Болтовня солдат вполне могла быть достоверной. Она была единственной молодой женщиной возле нас, первые села виднелись лишь на далеком краю равнины, наши ходили туда тоже, главным образом по ночам, я понимал, что из-за женщин, а ведь никто не бывает столь бесстыден, как солдат, который знает, что может в любую минуту погибнуть, ему не хочется думать о смерти, не хочется ни о чем думать, и он спокойно оставляет позади себя пустыню. Да и женщины с ними уступчивее по своей извечной жалости к солдату, к тому же и бабий их грех развеет ветер на дальних солдатских дорогах. Там, где войско пройдет, трава не растет, но дети подрастают. Трудно мне было все это связать с матерью мальчугана. Любая женщина, только не эта. Я настолько обобщил мир, что терял его из виду.
Маленькая, хрупкая на вид, совсем молодая, она не сразу бросалась в глаза, однако ее сдержанность, ее спокойствие, ее уверенность не позволяли равнодушно пройти мимо. И тогда можно было рассмотреть глаза, что не глядели рассеянно, красивый рот, чуть насмешливый и упрямый, ловкие движения, свойственные здоровому и гибкому телу.
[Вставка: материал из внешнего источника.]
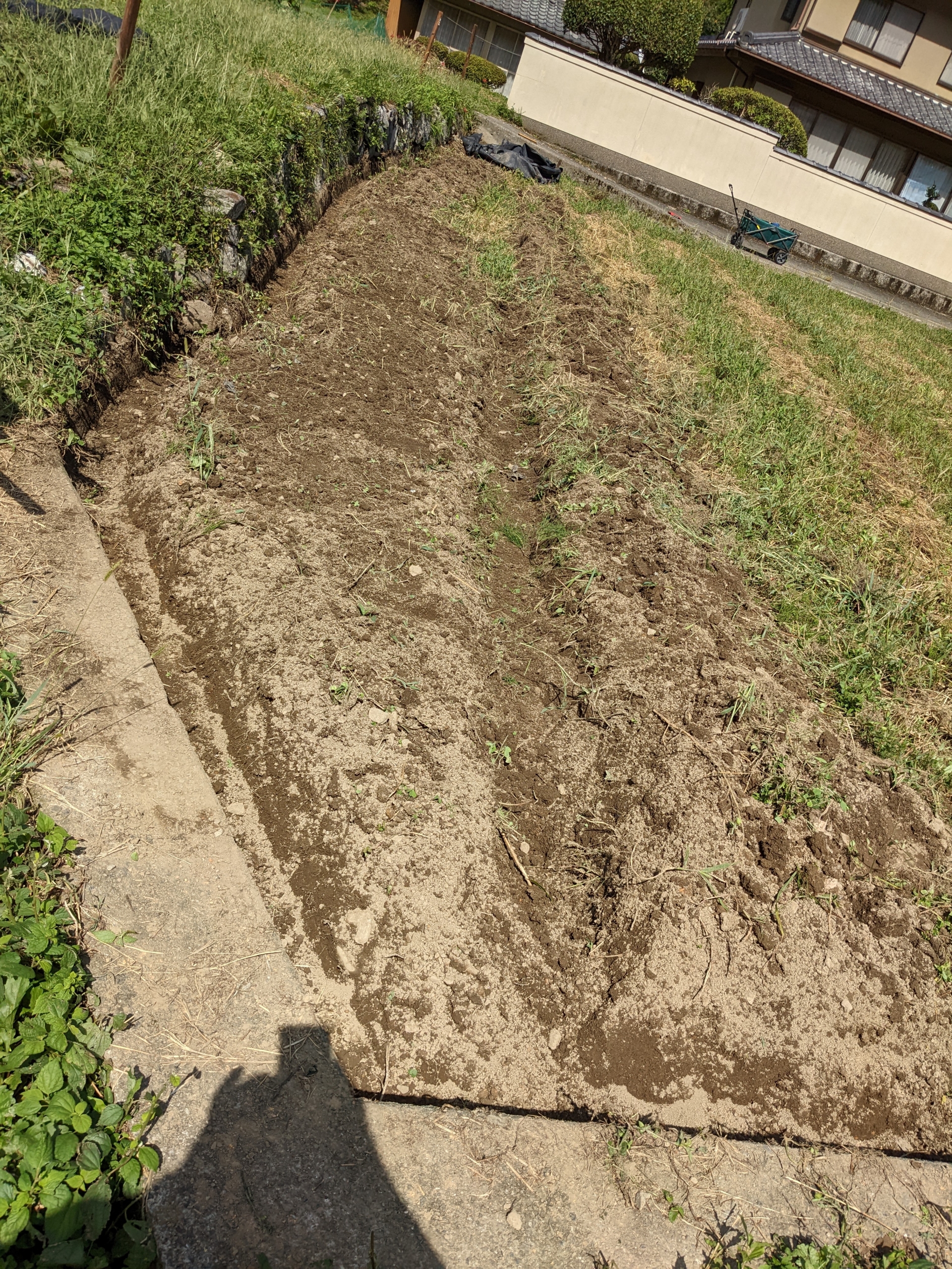 ほとんど耕さずに溝の土が上に載っている感じです。じゃがいもは「ニシユタカ」にしました。どの程度できるかが楽しみです。

Она мужественно боролась с тяготами жизни. Овдовев, решила сохранить хан и хозяйство, которое постепенно разрушалось войной и теперь напоминало кладбище, пустошь. Она осталась, оберегала то, чем владела, пытаясь из общей беды извлечь свою выгоду. Продавала солдатам еду и напитки, позволяла играть в кости в хане, вытягивая горемычную солдатскую денежку и давая им то, чего они были лишены. Она старалась, как только могла, чтобы сын был подальше от дома и от солдат, но могла-то она не всегда. Я разговаривал с ней об этом. «Для него и работаю,— спокойно сказала она.— Трудно ему придется, если начнет на пустом месте».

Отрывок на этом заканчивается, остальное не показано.